The InScena! Festival allows Italian acting companies to perform in the US. What do you think is a good way to efficiently spread Italian theater in the United States?
The internet could be used more and more effectively to educate about the contemporary Italian theater, which is rich in poetic and unique approaches and of actors and directors that are renewing the stage practices. It’s clear, though, that we should create more opportunities to concretely bring our projects to the US. In this way, with the help of the Italian cultural institutions, it would be possible to build a platform to receive adequate funds. It’s obvious, but it’s a matter that we can’t ignore: theater is either live or it’s not theater. I have some doubts that the institutions (MiBACT in the first place) are aware of how important it is to create new opportunities to bring our theater abroad. In this historical period, in Italy, the leadership is greatly disinterest about the fate of the arts, even though those are the same arts that made our country shine as both a artistic and poetic power.
Is this your first time performing in the States?

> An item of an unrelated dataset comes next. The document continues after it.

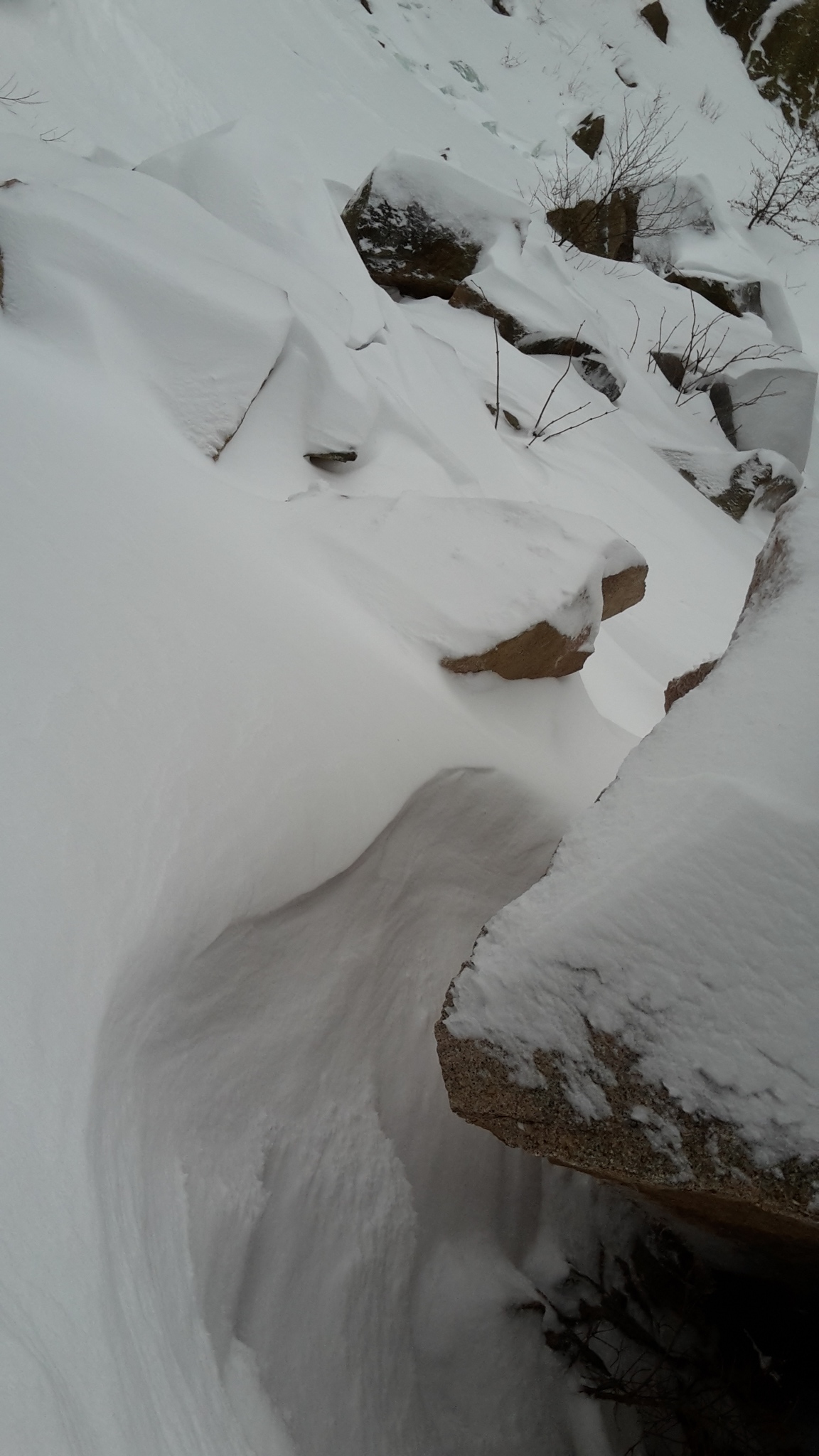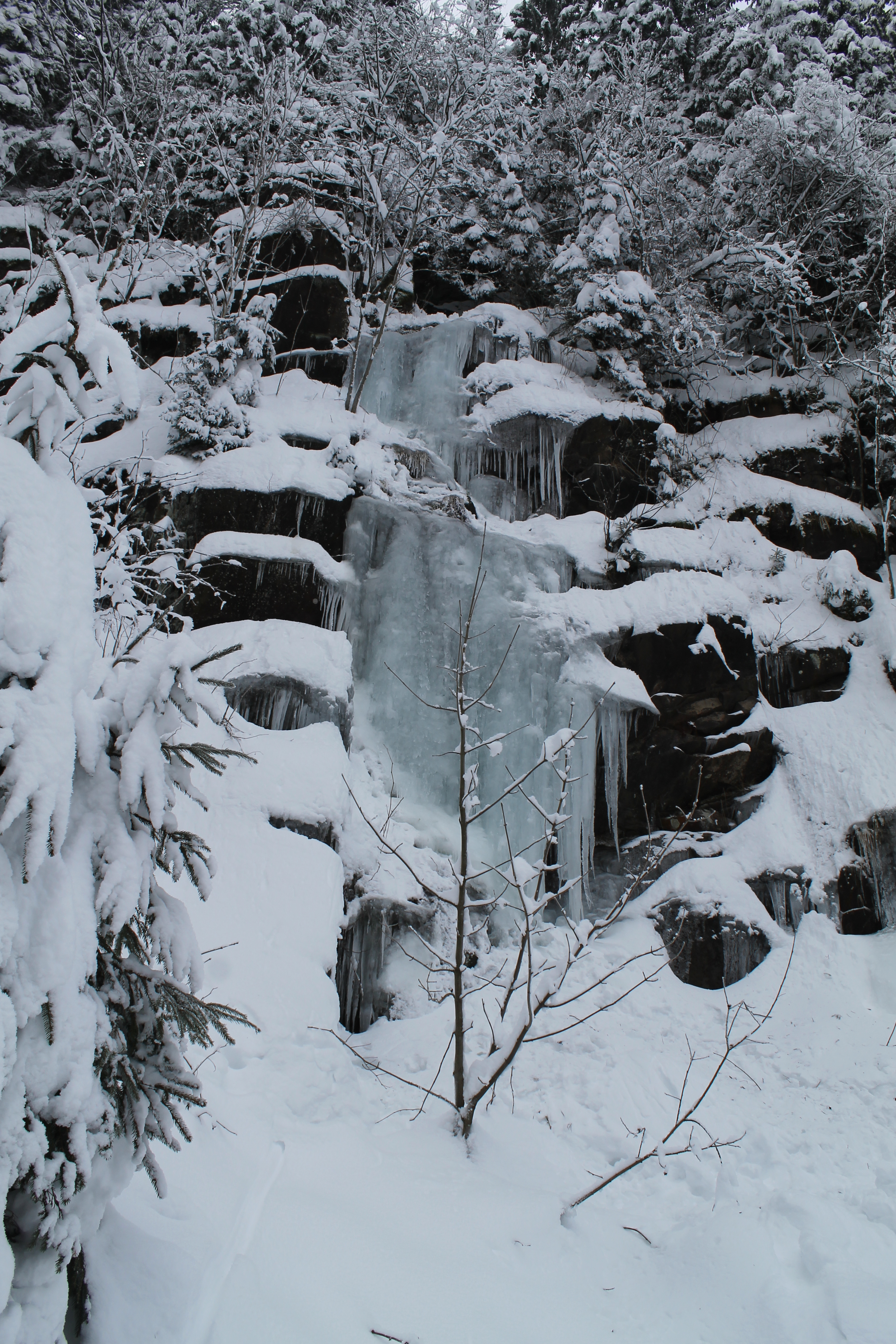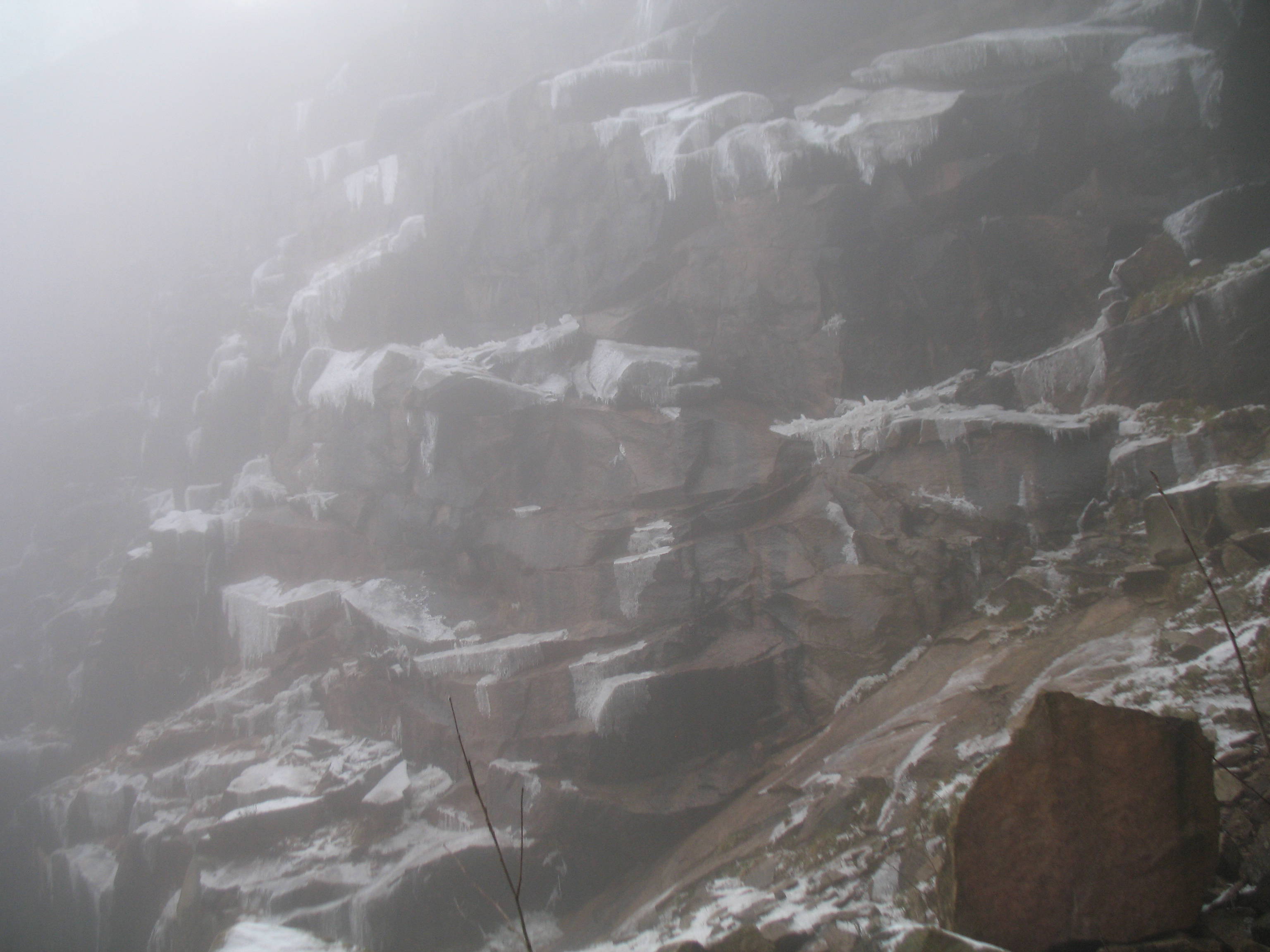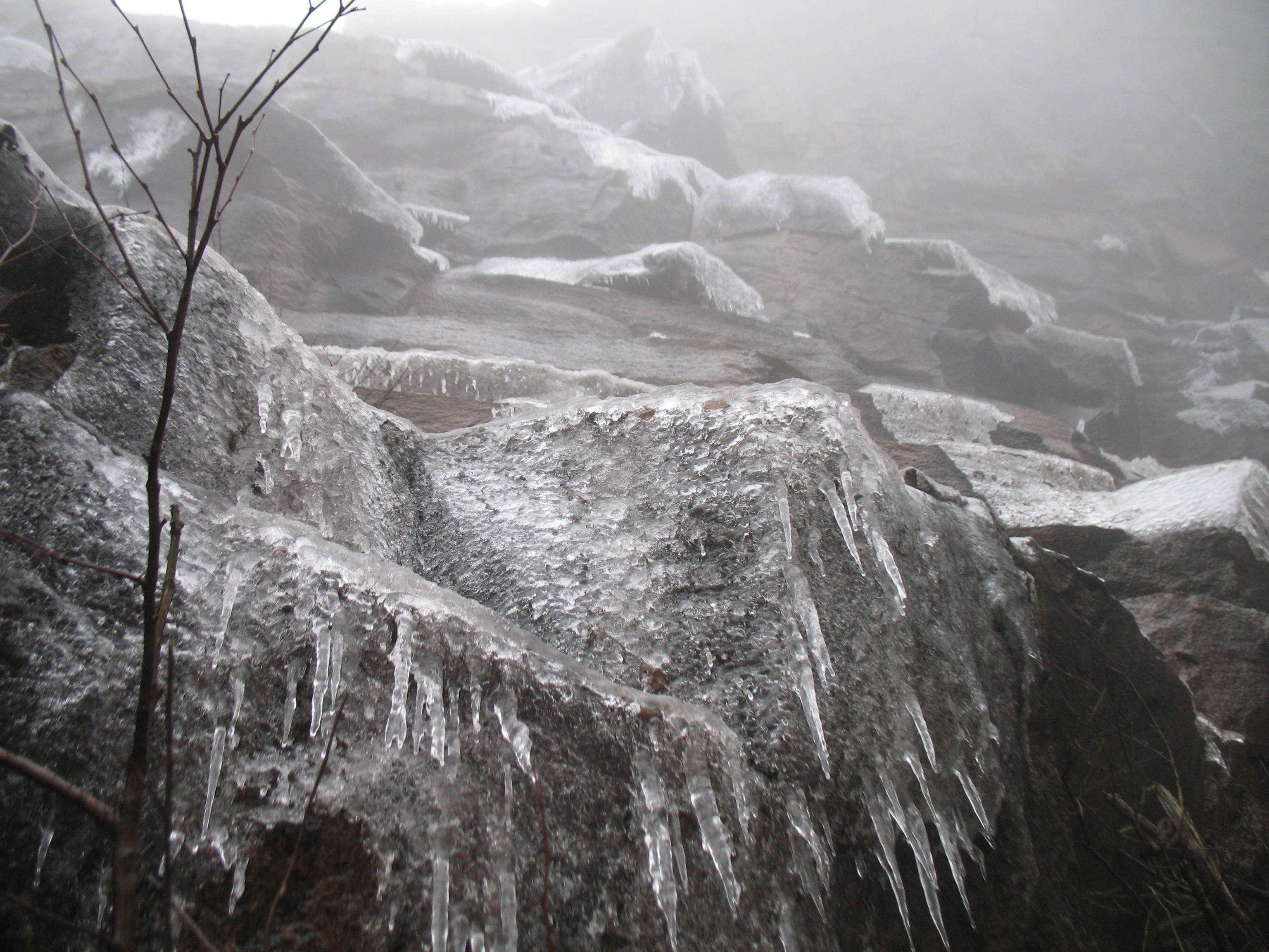 hing erstaunlich viel Eis in den Büschen und Bäumen die oben direkt an der Kante stehen. Der starke

No, I was there 10 years ago with the Scena Verticale company: I was a host at some cultural institutions associated with the Italian-American communities in Chicago and New York. In 2013, I also took part in the first edition of the In Scena! Festival with another show produced by Teatro della Ginestra. Both times have been very positive experiences.
What does being in New York and performing in this city mean to you?
The types of theater and performances offered in NY are almost endless and with levels of complexity that are very different from ours. We make a kind of theater that is simple in the form, accompanied by acoustic music, a monolog told first-hand and in which creating an emotional connection with the audience is fundamental. Wherever we go, we try to create the opportunity to exchange an authentic breath with whoever comes to our show; we always look for that time suspension that the theater, with an allegedly simple alchemy, still manages to create.

What do you hope to bring back to Italy after this experience, from both a personal and professional perspective?
I am interested in learning about what this audience, who was not really the first recipient of the show, thinks about it. I would like to have the chance to receive the critiques and, why not, even the suggestions; a comparison is always needed and, above all, I am curious to see howZangara’s language, which is an Italian mingled with the dialects of Reggio Calabria and hybridized by many Italian-American interlayers, will be received. He in facts uses a linguistic structure that looks for a theatrical truth that is not necessarily the same as the truth of the historical character.
How do you feel about bringing to New York and playing a character that is not really loved by the American public?
American culture is loaded with shows, movies and books in which the real or fictional characters make extreme choices like Joe Zangara’s. The American public and, New York’s even more, is very street smart….
How much do you think the immigration process to the United States influenced Zagara’s radical ideology?
Even though he lost his citizenship not long after he came to the US and lived switching from many different jobs, Zangara never assimilated and his political, radical ideas, even though confusing and in a way lacking of a profound ideological depth, made him an outsider. His borderline personality, which was affected by his precarious health conditions, prevented him from connecting to a highly hierarchical and classist society like the American one in the 1920s and 30s.
His coming to decide to carry out an assault against the president is the peak of a private matter at the edge: an iconoclastic gesture through which sublimating his own pain of living.
“La Mia Idea” will be on stage on May 4th at 7PM at the NYU Casa Italiana Zerilli-Marimò and on May 7th at 4PM at The Brick Theater.